Alguns projetos do PLACTS se destacaram, como o Science and Technology Policy Instruments (STPI), que pretendia analisar várias formas de política de ciência e tecnologia no intuito de contribuir com o planejamento científico dos países latino-americanos. O trabalho impulsionou a ênfase na região, como forma de integrar ciência e tecnologia ao caráter social e estrutural da formulação da Política de Ciência e Tecnologia (PCT) no Uruguai (JIMÉNEZ BECERRA, 2010).

Segundo Vaccareza (1998), o conceito CTS nos países periféricos se converteu em identidade para uma gama de investigadores e especialistas de várias áreas do conhecimento, entretanto, sem integração plena entre todos os membros, assim como nos países centrais, em especial os tomadores de decisão em política e gestão de ciência e tecnologia. Se, em um primeiro momento o movimento CTS se embasava em um discurso teórico-metodológico e estava nas mãos de cientistas naturais, na década de 1990 a área passou para a esfera acadêmica e foi ‘tomada’ por cientistas sociais, com uma transposição do compromisso militante da década de 1970 para o ethos acadêmico.

Como sínteses das mudanças do movimento CTS Vaccarezza (1998) indica: a) complexidade temática; b) profissionalização dos investigadores e das instituições de produção CTS e dos meios de comunicação; c) constituição mais integrada de uma comunidade intelectual de CTS; d) maior dependência intelectual das correntes de pensamento internacional sobre o tema, pela teorização e propostas de intervenção política e administrativa; e) menor potencial de propostas sobre o papel da ciência e tecnologia para resolução de problemas regionais.

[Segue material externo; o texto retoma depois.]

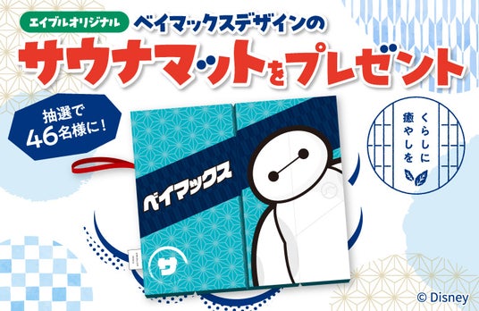 株式会社エイブル(本社:東京都港区、以下エイブル)は、2025年6月23日(月)より、エイブル公式Xアカウントをフォローの上、対象のキャンペーン投稿をリポストして下さった方の中から、抽選で“ベイマックス”のボディの色であるシロ(46)にちなんで、合計46名様にエイブルオリジナル『ベイマックス』デザインのサウナマットがその場で当たるSNSキャンペーンを実施いたします。
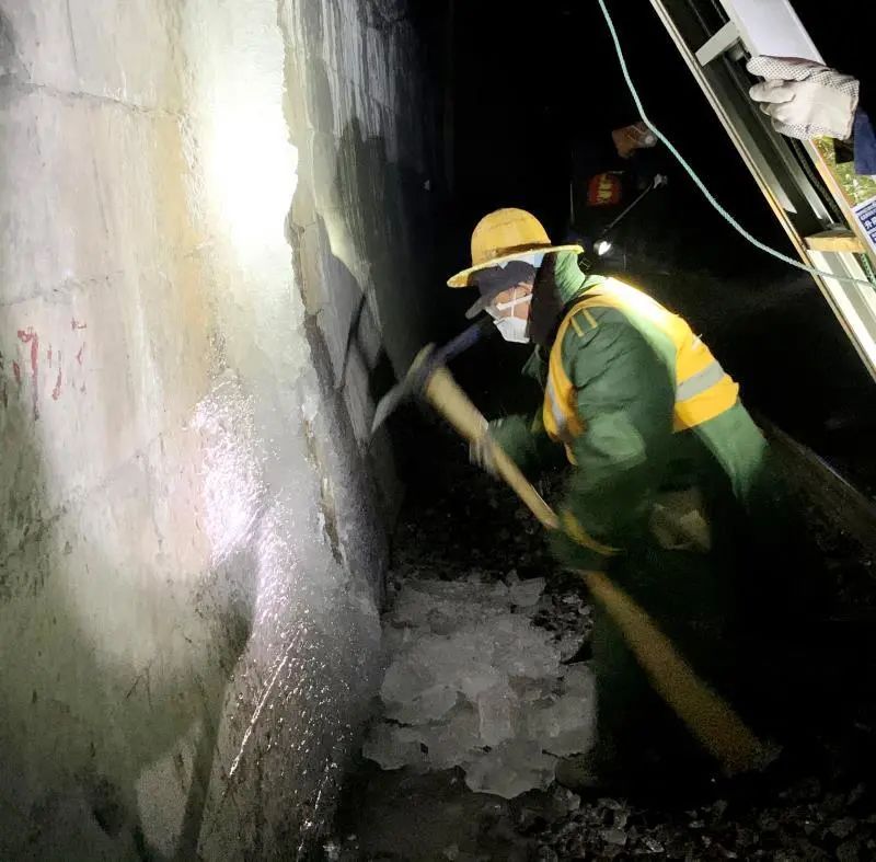 原来,疫情发生后,打冰班组12名队员中有4名被隔离观察,剩下的8名队员中需要4名盯控列车运行,现场干活的只有4人,再加上节后气温有所下降,他们管辖的42座隧道内结冰的处所又比平日增加了不少。人少活多,他们就换着来、抢着干。

Vaccarezza (1998) chama a atenção para as características das pesquisas CTS na América Latina, como a predominância de estudos aplicados sobre os teóricos, estudos de caso sobre os de âmbitos corporativos ou nacionais, estudos micro em detrimento dos macro e estudos administrativos sobre os políticos, sociológicos e éticos, sendo que o Estado, movimentos sociais, partidos políticos e corporações empresariais e científicas são atores ausentes nesse cenário.

Um projeto de destaque entre 1974 e 1976 foi o Projeto Bariloche, que visava a discutir o modelo do clube de Roma, modelos de desenvolvimento científico não dependentes, projetos nacionais, etc. (JIMÉNEZ BECERRA, 2010).